La información actualizada y en tiempo real que varios medios brindan acerca de la difusión del nuevo coronavirus Covid-19 aumenta la angustia de muchas personas en Asia, en Italia y en el mundo entero. Cuando se dio a conocer la epidemia en China y en Hong Kong, quedamos asombrados al ver la carrera para hacerse de mascarillas quirúrgicas, el acopio de alimentos no perecederos en los supermercados hasta vaciarlos y las expresiones de racismo hacia los chinos. Luego se repitieron las mismas cosas en el resto del mundo, a medida que el virus se difundía en las distintas latitudes. Jamás pensamos que asistiríamos en pleno siglo XXI a la representación de una sociedad mundial azotada por un flagelo tan evasivo como tenaz. Pensábamos que éstas eran cosas propias de los libros de historia, como la peste del siglo XIV o del XVII, el cólera de hace dos siglos o la peste asiática del siglo pasado.
Nosotros, que vivimos en un mundo en el que la ciencia y la tecnología garantizan nuestro bienestar y ofrecen la solución para cada pequeño dolor, nos hemos dado cuenta de que no somos omnipotentes y que la imaginación de la naturaleza supera continuamente nuestra capacidad de control. Mientras que varios laboratorios - impulsados por el deseo de sacar provecho de la enfermedad - prometen que en unas pocas semanas habrá la medicina que erradique el mal, los estudiosos más serios admiten que tomará quizás un año antes de encontrar una vacuna. Mientras tanto, en este período de tiempo todavía habrá muertes, todavía infectados, todavía temores.
La forma descompuesta y a menudo violenta en que la gente reacciona a la ansiedad es un claro resultado del descubrimiento de nuestra impotencia y el miedo a la muerte. Para calmarnos necesitaríamos a alguien más poderoso que el virus, más capaz que los médicos, más capaz de garantizar nuestras vidas. Se necesitaría a Dios.
Pero es precisamente este Dios, la referencia a un garante absoluto del sentido de la espera y la enfermedad, parece tan lejano como lo es en nuestro mundo contemporáneo. Junto con Dios, la fuente de la vida, estaríamos más seguros al cruzar la muerte, más valientes al permanecer cerca de los que sufren, más diligentes y humildes en la búsqueda de la famosa vacuna.
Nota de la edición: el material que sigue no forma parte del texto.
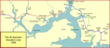 The Saltash to St Germans section was by-passed by an inland deviation which was opened for goods trains on 23 March 1908 and for passenger trains on 19 May; the former route section was then closed and abandoned. This left only the Royal Albert Bridge as the only single line section on the main line to Truro (Penwithers Junction). The Falmouth branch was never doubled.

¿Esta epidemia y este coronavirus tienen algo que ver con Dios? Como en épocas pasadas, aquí y allá surgen predicadores apocalípticos, para quienes la epidemia es ahora el último capítulo del fin del mundo, la última estratagema en manos de un Dios vengador contra el inteligente, pero soberbio hombre.
Para muchos, entonces, la única salvación es huir: lejos de la sociedad, en algún refugio atómico, en alguna montaña, como si uno pudiera salvarse y vivir solo, mientras el mundo es devastado.
Para muchos cristianos de Asia no es cuestión de huir: han encontrado a Dios en el coronavirus. Hay gente en Hong Kong que, en lugar de preocuparse por encontrar mascarillas para sí mismos, se preocupan por comprarlas y distribuirlas a los ancianos de su vecindario, que no pueden moverse. Incluso los largos períodos de aislamiento en casa se han convertido en una oportunidad para el silencio y la oración, redescubriendo esa humildad cerca de Dios que el frenesí de la omnipotencia casi había borrado.
Incluso en China, donde el gobierno había decretado el cierre indefinido de las iglesias, los fieles fueron ingeniosos para hacer memoria del Señor y transformar sus salas de estar en casas de oración con la Biblia en exhibición, flores, un crucifijo. Y aunque el poder prohíbe las actividades religiosas en lugares no registrados - como las casas privadas - las familias se reúnen, junto con sus hijos, para pedir misericordia para ellos y para el país. Y lo hacen junto con sus hijos, a quienes el gobierno en tiempos normales prohíbe asistir a misa.
Las potencias políticas del mundo, desde China hasta Italia, están tratando de mostrarse adecuadas, seguras y capaces de derrotar la amenaza a su pueblo. Mantienen abiertas las fábricas y centros comerciales, pero no las iglesias, temiendo tener que confesar ante Dios y el pueblo su aproximación. Ellos ven a Dios como un enemigo (en China), o como un estorbo inútil (en Occidente). Y en cambio Él es el mejor aliado en estos tiempos amargos: crear solidaridad entre las personas, ahora que la crisis económica nos agobia; cuidar a los jóvenes y a los ancianos con dignidad; esperar una vida sin fin, ahora que nos damos cuenta de que no somos los amos.